Grotesque and excremental humour : Monty Python's Meaning of Life

Udris, Janis January 1988 (has links)
The thesis represents an attempt to bring together theoretical and empirical work on (grotesque/excremental) humour. The first two sections are consequently concerned with the history and theorisation of the grotesque/excremental and with the prevalent ways of analysing the comedic. It was decided that a 'history' of Monty Python would constitute too long a digression, and so only a brief account of Terry Gilliam's links with the grotesque is included. Two further section then deal with some of the research on the comedic which has been done and with audience research methodologies.

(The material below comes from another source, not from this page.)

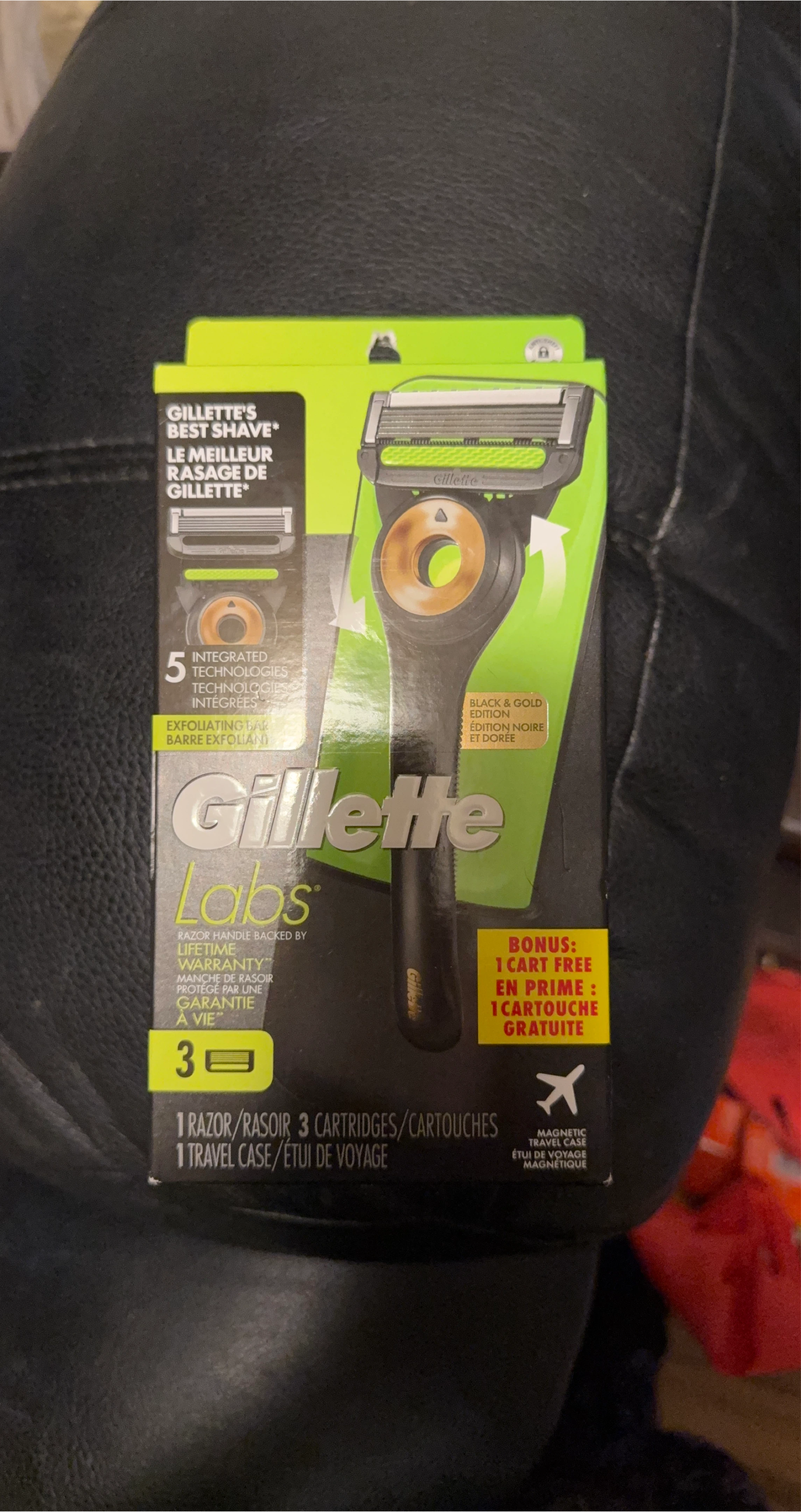 Selling a brand new GilletteLabs Black & Gold Edition razor! It comes with 3 cartridges and a magnetic travel case. The razor handle is backed by a lifetime warranty.

It is worth noting a shift which took place in the course of work on this thesis, from a concern with highly individuated responses (reflecting the centrality of psychoanalytic explications of the comedic) to an eventual decision to concentrate on a 'readerresponse' approach. The rationale for this shift is discussed in Section 5, and briefly in Section 6. The empirical heart of the research is, then, an analysis of a transcript of six hours of taped interviews/discussions about responses to Monty Python's Meaning of Life. These are supplemented by the results of Humour Appreciation Tests and Mood Adjective Check Lists administered under standard conditions to the respondents watching the film. While there can be no question of 'proof', particularly in a field in which psychoanalytic mechanisms are arguably crucial, results of the empirical study indicate that the humour of Meaning of Life functions to reduce anxiety, and that the mechanism by which this occurs conforms to a Freudian repression model. Over and above this, however, - the work of David Morley and Janice Radway is worth evoking here - the detailed account of audience response also furnishes data for further enquiry about how and why 'real' respondents do or do not find grotesque and excremental humour 'funny'.